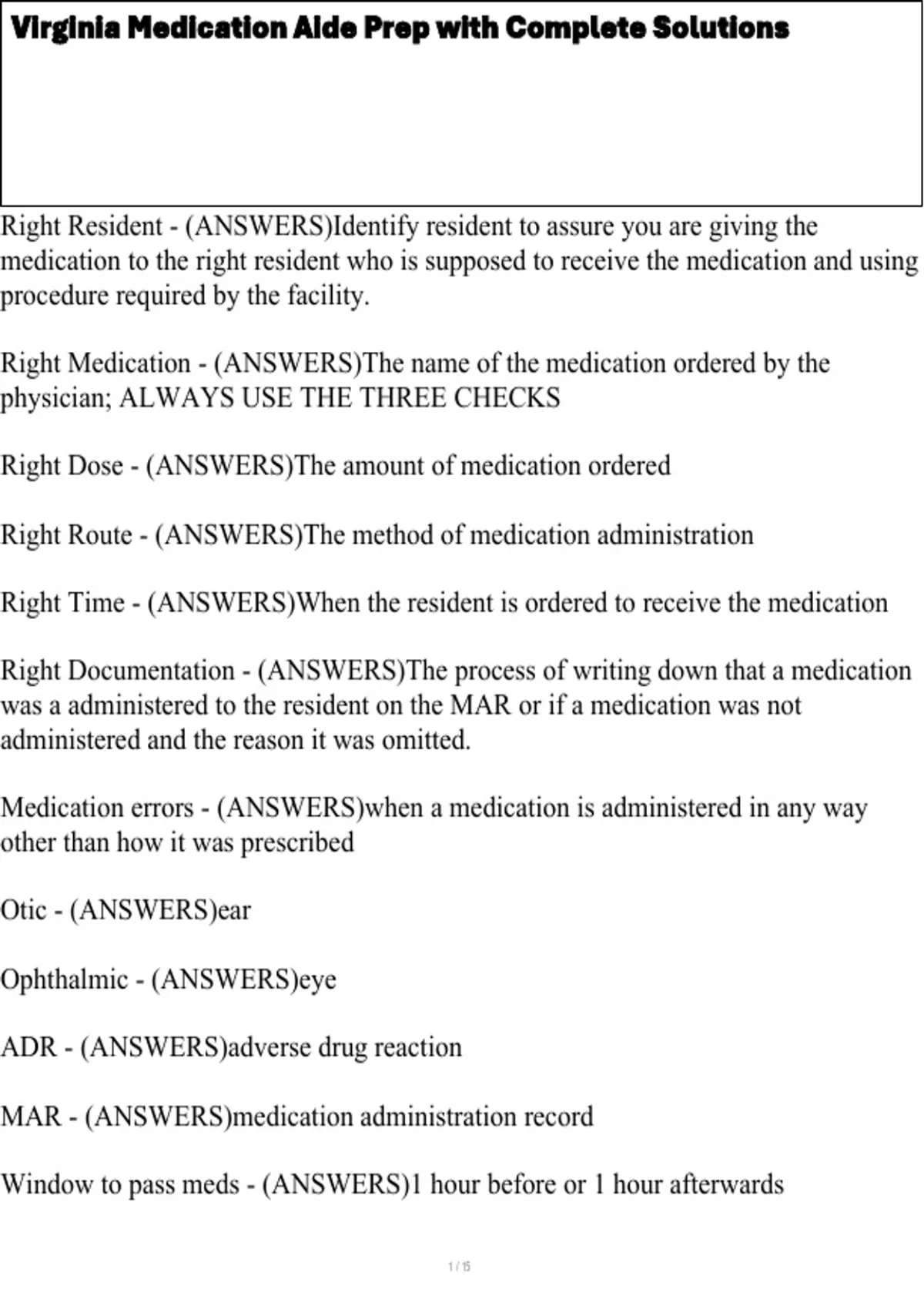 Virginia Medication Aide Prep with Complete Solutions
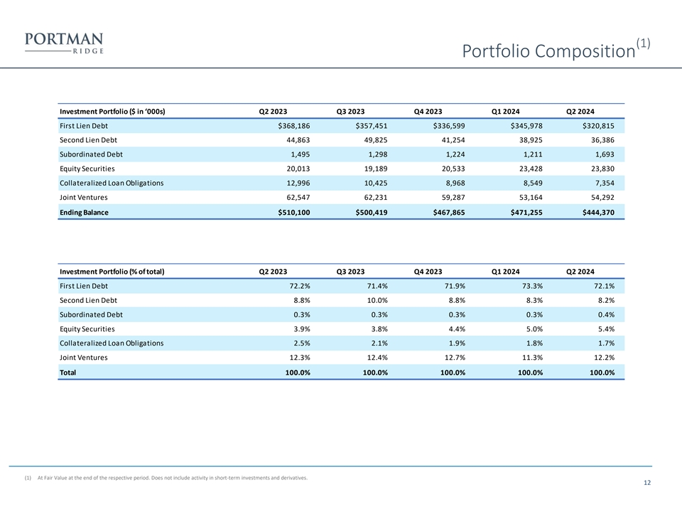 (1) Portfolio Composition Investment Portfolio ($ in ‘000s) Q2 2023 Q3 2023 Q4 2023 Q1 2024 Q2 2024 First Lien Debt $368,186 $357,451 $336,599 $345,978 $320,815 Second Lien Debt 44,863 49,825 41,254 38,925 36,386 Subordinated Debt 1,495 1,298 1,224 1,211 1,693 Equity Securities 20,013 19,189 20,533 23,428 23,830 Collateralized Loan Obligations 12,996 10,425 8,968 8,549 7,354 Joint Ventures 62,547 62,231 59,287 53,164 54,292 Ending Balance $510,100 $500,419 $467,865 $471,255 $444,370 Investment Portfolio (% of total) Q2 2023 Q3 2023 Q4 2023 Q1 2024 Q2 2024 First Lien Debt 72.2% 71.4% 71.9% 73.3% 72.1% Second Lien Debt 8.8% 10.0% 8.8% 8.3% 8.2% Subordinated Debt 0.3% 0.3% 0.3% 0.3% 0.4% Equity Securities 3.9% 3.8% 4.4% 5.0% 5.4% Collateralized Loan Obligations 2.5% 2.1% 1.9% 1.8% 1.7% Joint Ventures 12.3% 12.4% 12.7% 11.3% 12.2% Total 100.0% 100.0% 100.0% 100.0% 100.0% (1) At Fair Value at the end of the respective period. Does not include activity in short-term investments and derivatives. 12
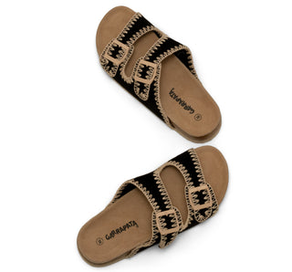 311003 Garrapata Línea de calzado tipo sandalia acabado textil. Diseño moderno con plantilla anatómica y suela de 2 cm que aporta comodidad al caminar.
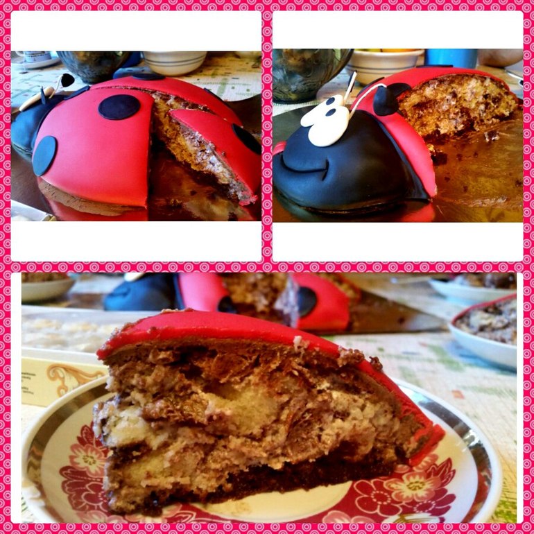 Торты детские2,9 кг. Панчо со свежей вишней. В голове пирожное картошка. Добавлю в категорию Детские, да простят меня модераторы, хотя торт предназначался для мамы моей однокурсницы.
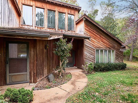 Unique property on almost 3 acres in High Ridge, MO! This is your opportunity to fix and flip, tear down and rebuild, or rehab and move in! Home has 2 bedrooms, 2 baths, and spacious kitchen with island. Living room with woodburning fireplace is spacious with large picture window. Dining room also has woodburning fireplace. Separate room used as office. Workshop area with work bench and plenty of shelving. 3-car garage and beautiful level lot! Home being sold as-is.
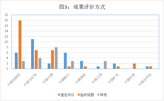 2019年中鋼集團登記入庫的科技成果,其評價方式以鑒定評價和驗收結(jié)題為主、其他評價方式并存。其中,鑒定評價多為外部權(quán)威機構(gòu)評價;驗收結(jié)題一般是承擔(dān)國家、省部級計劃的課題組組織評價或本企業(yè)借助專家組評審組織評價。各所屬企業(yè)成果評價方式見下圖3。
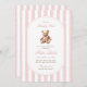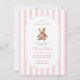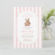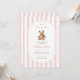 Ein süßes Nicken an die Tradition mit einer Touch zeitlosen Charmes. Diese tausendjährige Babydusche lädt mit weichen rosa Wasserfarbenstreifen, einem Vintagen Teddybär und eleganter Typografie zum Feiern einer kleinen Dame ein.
+-------+
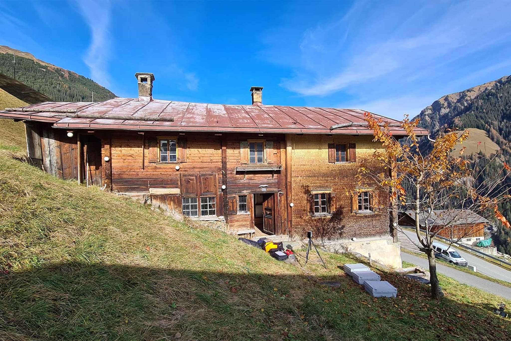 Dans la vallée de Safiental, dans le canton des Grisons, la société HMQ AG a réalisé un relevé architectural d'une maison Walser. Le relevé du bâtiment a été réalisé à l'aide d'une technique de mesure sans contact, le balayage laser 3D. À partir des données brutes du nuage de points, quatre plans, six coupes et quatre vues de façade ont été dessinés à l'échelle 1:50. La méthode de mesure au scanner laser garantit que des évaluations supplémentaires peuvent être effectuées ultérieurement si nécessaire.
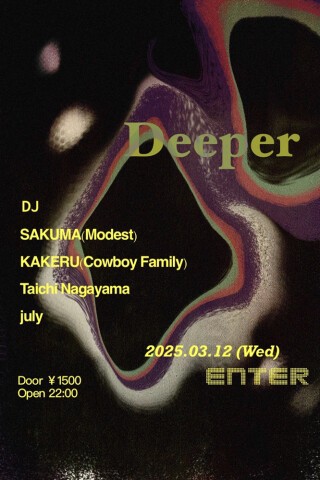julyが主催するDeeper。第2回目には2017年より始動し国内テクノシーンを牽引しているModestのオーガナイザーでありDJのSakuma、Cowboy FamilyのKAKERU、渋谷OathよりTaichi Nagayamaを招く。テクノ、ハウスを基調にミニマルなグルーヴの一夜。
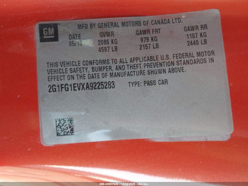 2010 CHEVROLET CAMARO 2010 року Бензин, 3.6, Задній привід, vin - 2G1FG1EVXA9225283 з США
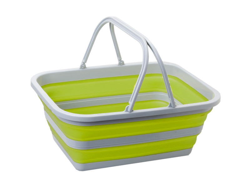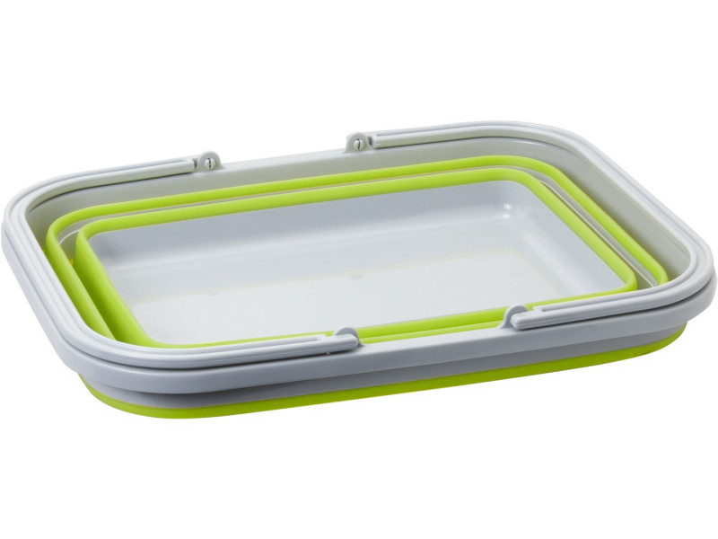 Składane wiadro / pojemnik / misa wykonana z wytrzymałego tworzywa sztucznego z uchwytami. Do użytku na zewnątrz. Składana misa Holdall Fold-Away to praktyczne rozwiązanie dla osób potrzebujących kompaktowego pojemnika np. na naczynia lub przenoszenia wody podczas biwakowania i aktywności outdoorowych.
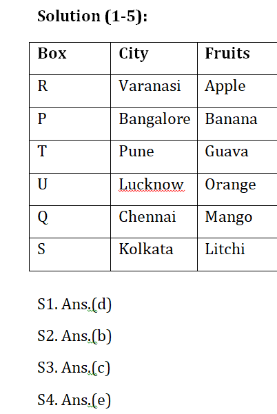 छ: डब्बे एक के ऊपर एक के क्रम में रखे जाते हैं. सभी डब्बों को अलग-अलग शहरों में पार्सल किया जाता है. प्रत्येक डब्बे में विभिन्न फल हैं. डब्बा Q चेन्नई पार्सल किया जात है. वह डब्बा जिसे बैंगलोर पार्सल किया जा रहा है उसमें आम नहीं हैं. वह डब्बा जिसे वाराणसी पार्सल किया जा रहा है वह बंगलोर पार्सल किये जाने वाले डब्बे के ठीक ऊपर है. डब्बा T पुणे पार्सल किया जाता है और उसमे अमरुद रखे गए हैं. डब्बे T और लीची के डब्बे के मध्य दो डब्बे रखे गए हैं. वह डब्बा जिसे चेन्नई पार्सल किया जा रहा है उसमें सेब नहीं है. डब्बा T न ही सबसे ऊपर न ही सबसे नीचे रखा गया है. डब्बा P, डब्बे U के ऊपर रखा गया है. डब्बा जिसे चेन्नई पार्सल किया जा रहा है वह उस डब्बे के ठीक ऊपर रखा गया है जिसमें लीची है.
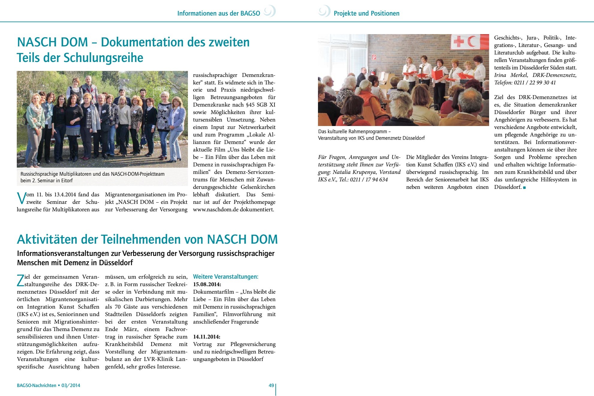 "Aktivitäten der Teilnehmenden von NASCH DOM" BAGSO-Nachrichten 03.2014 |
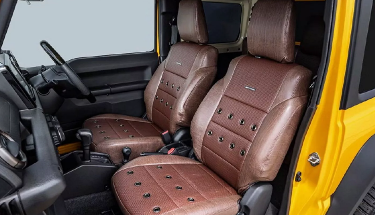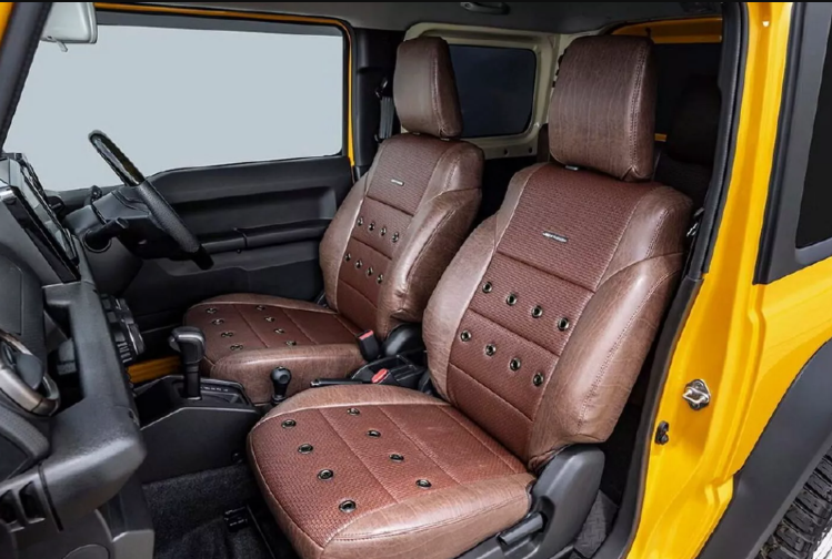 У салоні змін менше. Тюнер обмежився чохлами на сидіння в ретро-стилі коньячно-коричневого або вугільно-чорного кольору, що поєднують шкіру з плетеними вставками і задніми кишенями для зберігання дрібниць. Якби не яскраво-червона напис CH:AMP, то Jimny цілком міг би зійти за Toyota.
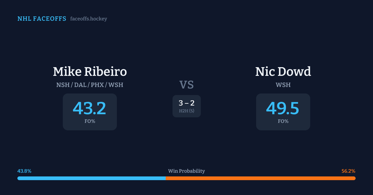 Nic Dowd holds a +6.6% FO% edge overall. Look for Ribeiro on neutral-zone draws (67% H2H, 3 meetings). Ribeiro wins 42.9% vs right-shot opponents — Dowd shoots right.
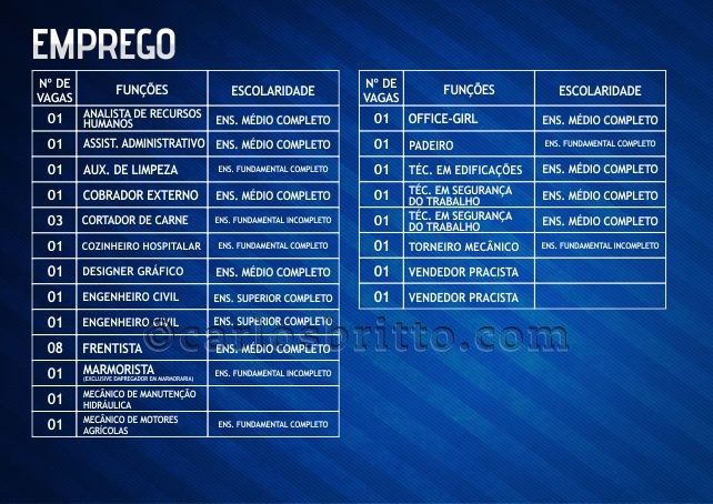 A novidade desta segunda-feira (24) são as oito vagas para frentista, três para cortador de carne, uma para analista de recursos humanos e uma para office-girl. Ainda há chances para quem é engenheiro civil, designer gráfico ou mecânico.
+-------+
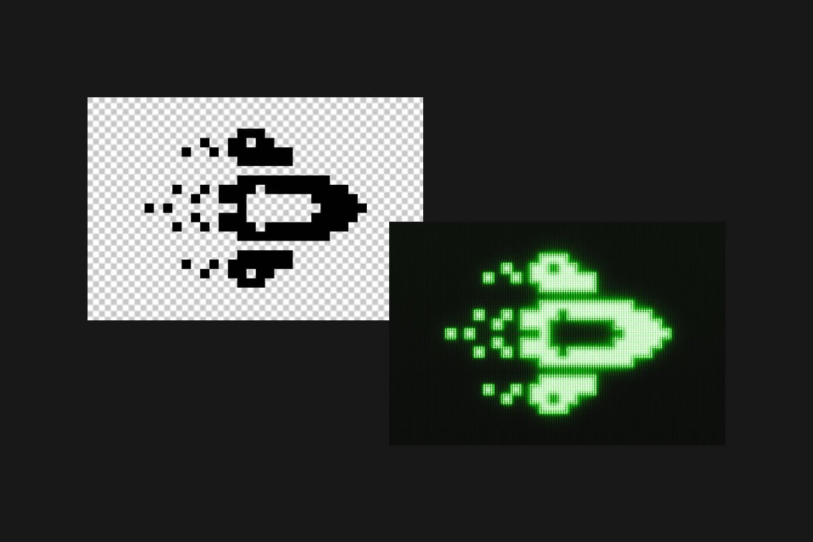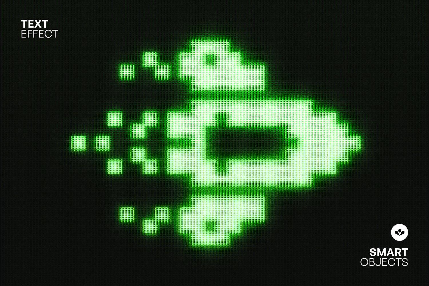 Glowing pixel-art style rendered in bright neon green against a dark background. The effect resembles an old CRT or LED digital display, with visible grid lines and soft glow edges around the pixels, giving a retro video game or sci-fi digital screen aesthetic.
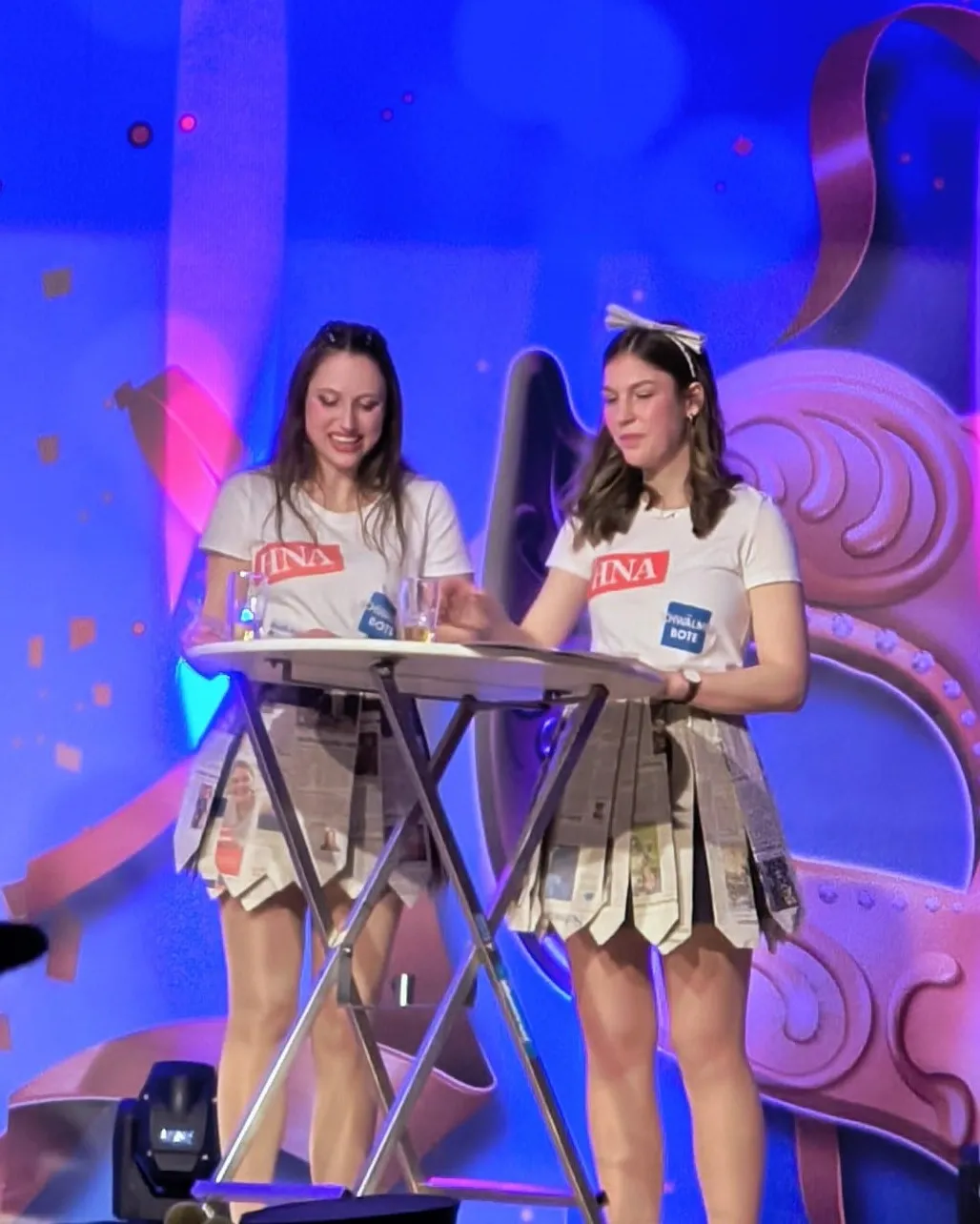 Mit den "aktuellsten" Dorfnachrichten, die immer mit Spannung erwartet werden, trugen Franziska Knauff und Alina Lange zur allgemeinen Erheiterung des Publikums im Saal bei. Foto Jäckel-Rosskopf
+-------+
In the data above, find the line containing "Unique property on" and the line containing "Ein süßes Nicken". Repeat those two lines and everything between them exactly, minus the pictures.

 Unique property on almost 3 acres in High Ridge, MO! This is your opportunity to fix and flip, tear down and rebuild, or rehab and move in! Home has 2 bedrooms, 2 baths, and spacious kitchen with island. Living room with woodburning fireplace is spacious with large picture window. Dining room also has woodburning fireplace. Separate room used as office. Workshop area with work bench and plenty of shelving. 3-car garage and beautiful level lot! Home being sold as-is.
 2019年中鋼集團登記入庫的科技成果,其評價方式以鑒定評價和驗收結(jié)題為主、其他評價方式并存。其中,鑒定評價多為外部權(quán)威機構(gòu)評價;驗收結(jié)題一般是承擔(dān)國家、省部級計劃的課題組組織評價或本企業(yè)借助專家組評審組織評價。各所屬企業(yè)成果評價方式見下圖3。
 Ein süßes Nicken an die Tradition mit einer Touch zeitlosen Charmes. Diese tausendjährige Babydusche lädt mit weichen rosa Wasserfarbenstreifen, einem Vintagen Teddybär und eleganter Typografie zum Feiern einer kleinen Dame ein.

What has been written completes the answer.